Back in 2018 after graduating from uni, I got a job at a very famous bank, where I was placed into a team with one of the heaviest workloads in the whole department.
There was so much work my teammates and I would mostly tabao and eat lunch at our desks, and we were OTing like everyday. I only managed to stay with them 9 months but I vividly recall crying in the atas toilet and crying on the grab home at 2am every month end.

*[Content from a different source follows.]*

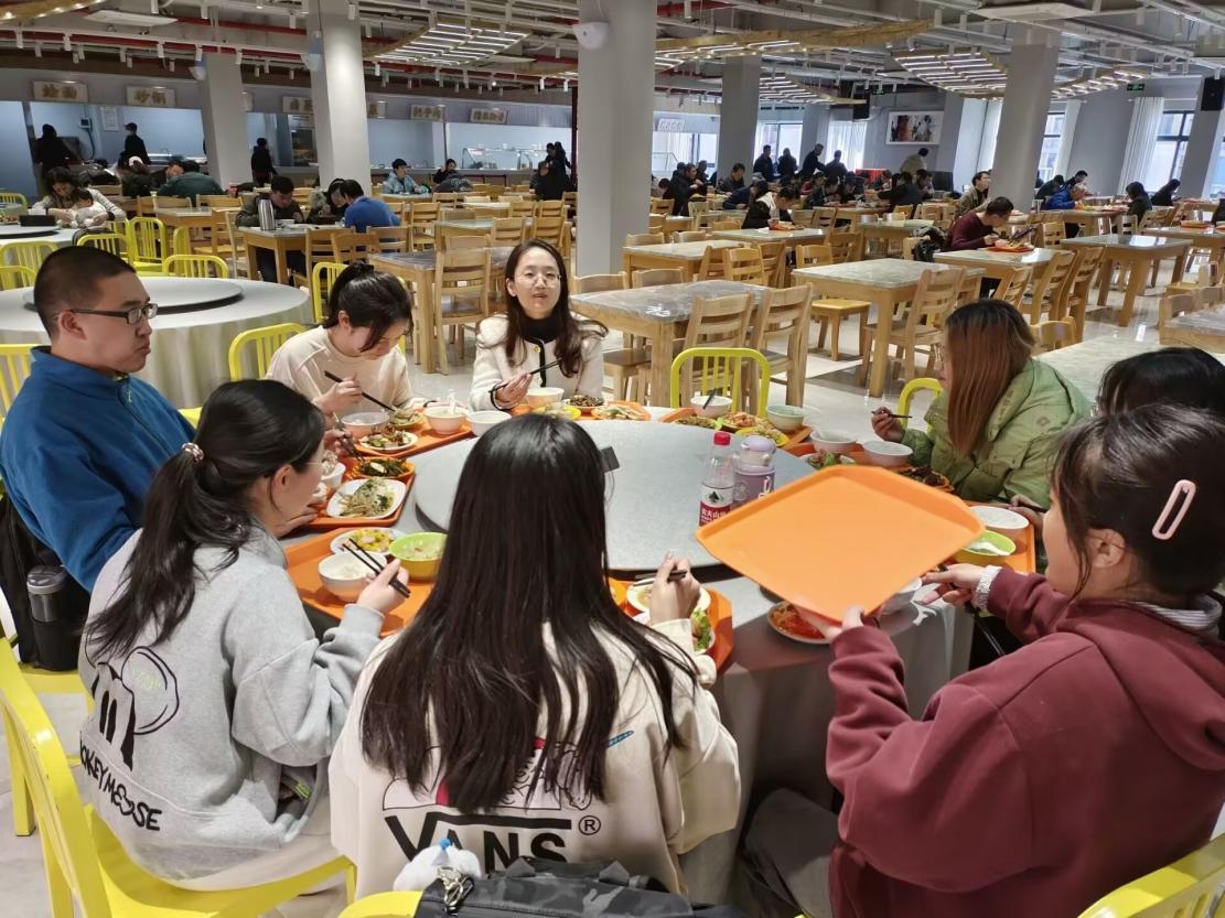 就餐过程中,高丽慧老师与同学们展开亲切交谈,高丽慧老师首先向同学们介绍了环境工程专业的教学内容,特点以及未来就业方向,同时详细讲解了环境科学与环境工程专业的区别与联系以供同学们专业分流参考。接着,高丽慧老师也分享了自己的求学经历和对环境专业的看法,她提到自己在国外求学时看到的环境专业的研究进展以及感受到的国外研究氛围,为有出国意愿的同学提供建议。高丽慧老师也与同学们谈到目前的环境保护政策和国家对环境的重视,帮助环境专业的同学们加深对本专业的了解,展望未来环境发展方向和就业前景。在与高丽慧老师的交流中,同学们也提出了自己对于专业内容的困惑和未来发展方向的迷茫,这些问题均得到了老师的细心讲解,同学们收获颇丰。活动最后,高丽慧老师与同学们交流了生活和学习上的问题,鼓励同学们珍惜大学时光,踔厉奋发,积极进取,放宽视野,积极与老师交流意见和想法,坚定自己的目标并为之不断努力。至此,此次活动圆满结束。
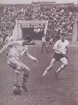 During his time at Rapid, Dumitriu made a successful partnership in the team's offence with Ion Ionescu, winning the first league title in the club's history in the 1966–67 season in which he scored 12 goals in 26 matches under coach Valentin Stănescu.[1][3][4][5] He made four appearances in European competitions for Rapid (including one in the Inter-cities Fairs Cup), most notably helping The Railwaymen eliminate Trakia Plovdiv in the 1967–68 European Cup and advance to the following round where they were eliminated by Juventus.[1][3][4][6] He also won two Balkans Cups, netting a brace in the 2–0 win in the second leg against Farul Constanța in the final of the 1964–66 edition.[4] For the way he played in 1966, Dumitriu was placed fourth in the ranking for the Romanian Footballer of the Year award.[7] He suffered a lung illness which kept him off the field for one and a half years and in 1968, Stănescu took him to Steagul Roșu Brașov, aiming to help him relaunch his career.[1][3][4] In 1971, Dumitriu went to play for one season at Dinamo București.[1][3][4] Afterwards he returned for two seasons to Rapid where he made his last Divizia A appearance on 10 March 1974 in a 2–0 away loss to Argeș Pitești, having a total of 235 matches with 68 goals in the competition.[1][3][4] Dumitriu ended his career by playing three seasons in Divizia B, the first one at Chimia Râmnicu Vâlcea and the other two at Progresul București, helping both teams earn promotion to Divizia A.[1][3][4]

I had nightmares, mood swings, panic attacks before month end and fell sick very often from burning the midnight oil. I had sought advice from my family and boyfriend but they just told me to stop being such a pussy. (Great support system right)
Because I was always applying for jobs, I had to secretly attended my job interviews during my lunch break, lying to their HR that my current job didn’t allow me to learn much and other excuses (just employ me plsss). I think I attended close to 15 interviews before landing a FT offer at an MNC, and the HR assured me they adopted a good work life balance culture.
I deliberated this offer for awhile as I wanted to see if there were better ones. At that time my mother had to suddenly undergo surgery so I requested to take leave to look after her. My manager said no. The leave quota had already been filled so I had to work.
That was the final straw for me. To me I had been working for 8 months, OT-ing daily, suffering so much and my manager was indirectly saying “work comes first, I don’t care about your family”.
I stepped outside my office and used my phone to email the other company accepting their offer, went back to my desk and did what had only been a dream to me since week 2.
I copied a resignation template off Google, typed in my notice period with my last day of service, printed it and handed it to my manager. It was 31 Dec 2018, what a way to start the new year right.
Served my notice, got out of that hellhole and started my next job at the MNC and I’m still working here today. I really love what I do now and am so much happier. Plus I get to leave work at 5pm on the dot 今天明天every天 yayy. Absolutely zero regrets quitting my previous job.
I’d say that if you’re financially able to sustain yourself in the next 6 months pls do your mental health a favour and leave. But before you start on your next job ask yourself what is the problem with your current role. Do you not like the type of work? The people? The amount of work? The culture? etc…
Once you can identify the issue, address it in your next job interview, see what your prospective employer has to say and gauge if you’re a good fit for the role.